B. Pengertian Perbankan Syariah
            Bank syariah, atau Bank Islam, merupakan salah satu bentuk dari perbankan nasional yang mendasarkan operasionalnya pada syariat (hukum) Islam. Menurut Schaik dalam bukunya yang berjudul Islamic Banking, bank Islam adalah sebuah bentuk dari bank modern yang didasarkan pada hukum Islam yang sah, dikembangkan pada abad pertama Islam, menggunakan konsep berbagi risiko sebagai metode utama, dan meniadakan keuangan berdasarkan kepastian serta keuntungan yang ditentukan sebelumnya. Bank Syariah adalah lembaga keuangan yang usaha pokoknya memberikan kredit dan jasa-jasa lain dalam lalu-lintas pembayaran serta peredaran uang yang beroperasi dengan prinsip-prinsip syariah.[8] Definisi Bank Syariah menurut Muhammad dan Donna dalam bukunya yang brjudul Variabel-variabel yang Mempengaruhi Pembiayaan Perbankan Syariah di Indonesia adalah lembaga keuangan yang beroperasi dengan tidak mengandalkan pada bunga yang usaha pokoknya memberikan pembiayaan dan jasa-jasa lainnya dalam lalu-lintas pembayaran serta peredaran uang yang pengoperasiannya sesuai dengan prinsip syariat Islam.




C. Prinsip Operasi Perbankan Syariah
            Bank syariah dapat dilakukan melalui:
1.      Bank Umum Syariah
2.      Bank Perkreditan Rakyat Syariah (BPRS)
3.      Islamic Windows, dan
4.      Office Chanelling

Bank umum syariah adalah bank yang melaksanakan kegiatan usaha berdasarkan prnsip syariah yang dalam kegiatannya memberikan jasa dalam lalu lintas pembayaran.
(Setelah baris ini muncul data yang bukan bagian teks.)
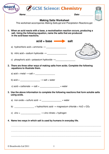 Making salts worksheet using word and symbol equations by ...

Bentuk hukum yang diperkenankan adalah perseroan terbatas atau PT, koperasi daerah dengan modal disetor sekurang-kurangnya satu triliun rupiah. Kegiatan usaha bank umum syariah Pasal 19 ayat (1) UU No. 21 Tahun 2008 meliputi:
a)      Menghimpun dana dalam bentuk Simpanan berupa Giro, Tabungan, atau bentuk lainnya yang dipersamakan dengan itu berdasarkan Akad wadi’ah atau Akad lain yang tidak bertentangan dengan Prinsip Syariah;
b)      Menghimpun dana dalam bentuk Investasi berupa Deposito, Tabungan, atau bentuk lainnya yang dipersamakan dengan itu berdasarkan Akad mudharabah atau Akad lain yang tidak bertentangan dengan Prinsip Syariah;
c)      Menyalurkan pembiayaan bagi hasil berdasarkan Akad mudharabah, Akad musyarakah, atau Akad lain yang tidak bertentangan dengan Prinsip Syariah;
d)     Menyalurkan pembiayaan berdasarkan Akad murabahah, Akad salam, Akad istishna’, atau Akad lain yang tidak bertentangan dengan Prinsip Syariah;
e)      Menyalurkan pembiayaan berdasarkan Akad qardh atau Akad lain yang tidak bertentangan dengan Prinsip Syariah;
f)       Menyalurkan pembiayaan penyewaan barang bergerak atau tidak bergerak kepada Nasabah berdasarkan Akad ijarah dan/atau sewa beli dalam bentuk ijarah muntahiya bittamlik atau Akad lain yang tidak bertentangan dengan Prinsip Syariah;
g)      Melakukan pengambilalihan hutang berdasarkan Akad hawalah atau Akad lain yang tidak bertentangan dengan Prinsip Syariah;
h)      Melakukan usaha kartu debit dan/atau kartu pembiayaan berdasarkan Prinsip Syariah;
i)        Membeli, menjual, atau menjamin atas risiko sendiri surat berharga pihak ketiga yang diterbitkan atas dasar transaksi nyata berdasarkan Prinsip Syariah, antara lain, seperti Akad ijarah, musyarakah, mudharabah, murabahah, kafalah, atau hawalah;
j)        Membeli surat berharga berdasarkan Prinsip Syariah yang diterbitkan oleh pemerintah dan/atau Bank Indonesia;
k)      Menerima pembayaran dari tagihan atas surat berharga dan melakukan perhitungan dengan pihak ketiga atau antarpihak ketiga berdasarkan Prinsip Syariah;
l)        Melakukan Penitipan untuk kepentingan pihak lain berdasarkan suatu Akad yang berdasarkan Prinsip Syariah;
m)    Menyediakan tempat untuk menyimpan barang dan surat berharga berdasarkan Prinsip Syariah;
n)      Memindahkan uang, baik untuk kepentingan sendiri maupun untuk kepentingan Nasabah berdasarkan Prinsip Syariah;
o)      Melakukan fungsi sebagai Wali Amanat berdasarkan Akad wakalah;
p)      Memberikan fasilitas letter of credit atau bank garansi berdasarkan Prinsip Syariah; dan
q)      Melakukan kegiatan lain yang lazim dilakukan di bidang perbankan dan di bidang sosial sepanjang tidak bertentangan dengan Prinsip Syariah dan sesuai dengan ketentuan peraturan perundang-undangan.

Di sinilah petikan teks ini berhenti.